Patrick O’Keeffe, Executive Director of Software Engineering at Quest Software: Open-source database platforms will see a resurgence.
“Studies have shown that growth in open source database adoption is outpacing traditional database management systems. Though MySQL is currently the most widely-used platform, I predict Postgres will show significant growth and start making a dent in MySQL market share in the coming year. It is built for high volume environments, highly extensible, has a reputation for flawless reliability and stability, and is supported by a commercial vendor offering additional assurance.”
Mark Bregman, Senior Vice-President and CTO, NetApp:
- “Data will become self-aware and even more diverse than it is today. With this, the metadata will enable the data to proactively transport, categorize, analyze and protect itself, in other words, self-govern. Real-time mapping of the flow between data, applications and storage elements will evolve and the data will deliver the exact information a user needs when they need it.”
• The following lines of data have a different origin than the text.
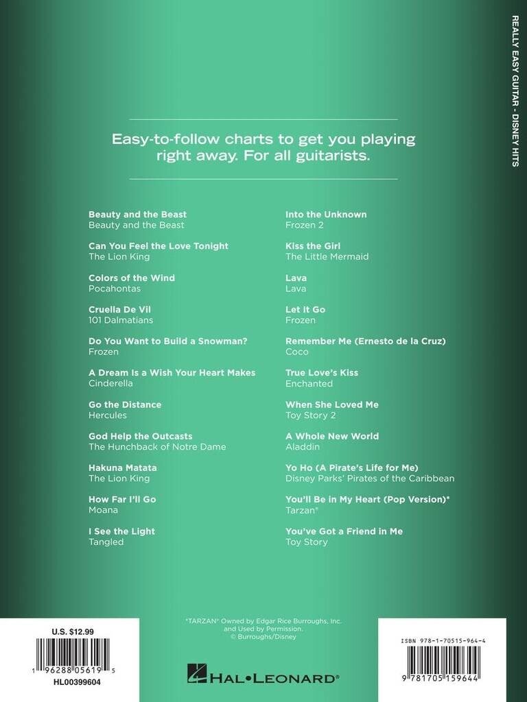 Disney Hits - Really Easy Guitar Album Hal Leonard
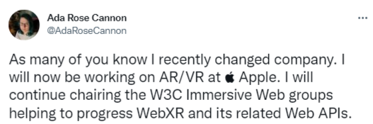 WebXR 开发人员 Cannon 将加入苹果公司
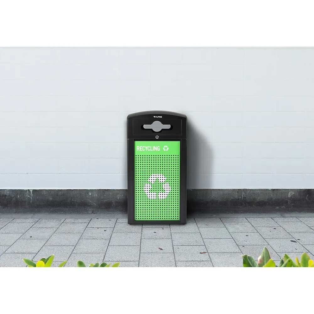 When equipping your business’s exterior with waste receptacles, you want to be reassured that it will last in the harshest weather conditions but is also aesthetically pleasing. With our 40-gallon all-weather recycling bin, you can check off both qualities. Our receptacle features a prominent white recycling symbol on the panels, a large section to display the included stickers and a mixed slot opening to dispose of all kinds of recycling material properly. Its weather-resistant powder-coated steel frame and lid will ensure its longevity while maintaining its quality. Additionally, its solid dome lids allows rain to glide off quickly and not pool, decreasing the likelihood of corrosion. The included heavy-duty plastic interior bins will securely hold trash bags without worrying about leaks. Since your terrain isn’t always guaranteed to be perfectly flat, we have outfitted our trash container with adjustable legs. They will help certify stability and support on uneven surfaces. The Alpine recycle outdoor receptacle is vital to keeping your facilities clean and elevating your aesthetic. We understand that sometimes things happen, such as theft or vandalism; therefore, we’ve equipped each trash container with a lock and key to help protect your investment. Includes two chain-link security chains that prevent your lid from falling when opened.
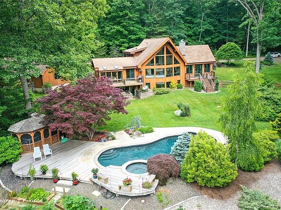 EXTRAORDINARY INSIDE AND OUT. Vacation at home all year round in this Unique Lindal Cedar Beauty. Combination of warm and modern architectural features that will please all demanding buyers. Be wowed as you approach the magnificent setting, its front porch, 3 car gar and the beautiful landscaping. Nothing here is ordinary: the striking wooden ceilings, wood floors, floor-to-ceiling windows. Inside: a well designed kitchen featuring hard surface counters, double oven, cherry cabinetry & dining room with built-ins. All this opens to a GREAT SUNNY ROOM featuring an impressive wall of glass (the signature of a Lindal Home, overlooking your own private Paradise offering a double sided stone gas fireplace, 2 story wooden ceilings. Also on 1st floor, a warm and inviting family room in the same style adding to the living space. The entire 1st floor has access to a beautiful side to side mahogany/trex deck, 2 bedrooms and full bath on first floor. The Bedroom Suite is located on the 2nd floor with new carpets, cathedral ceilings, walk-in closet, full bath with double sinks, tub & shower. The walkout lower level can accommodate media, office, bar area & exercise space, with direct access to backyard. OUTSIDE IS A DREAM: YOUR OWN RESORT 10.47 partially fenced in acres, heated IG pool, gazebo, organic garden area, abundant decking. This lot has frontage on Moose Meadow and Fermier. TOO MUCH TO MENTION COME OVER, SEE FOR YOURSELF THINK WEEKEND RETREAT OR JUST AN ALL YEAR VACATION.
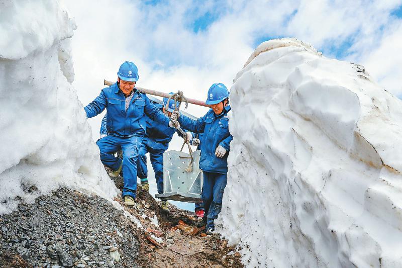 6月10日,阿壩州理縣夾壁—馬塘110千伏輸變電工程,建設者靠人力抬起沉重的塔材,艱難穿過高達2米的雪牆,前往組塔點位。
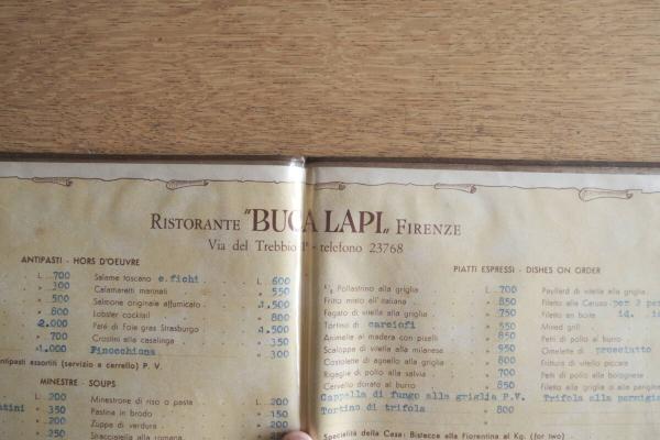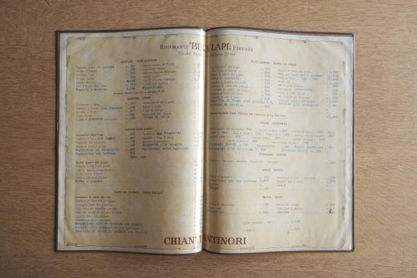 Ristorante BUCA LAPI ヴィンテージ メニュー表

- “Data will be generated at an unprecedented rate that will greatly exceed the ability to transport it. Rather than moving the data, the applications and resources needed to process it will be moved to the data. This will have significant implications for new architectures like edge, core, and cloud. The amount of data ingested in the core will continuously be less than the amount generated at the edge. This must be deliberately enabled to ensure that the right data is being retained for later decision making.”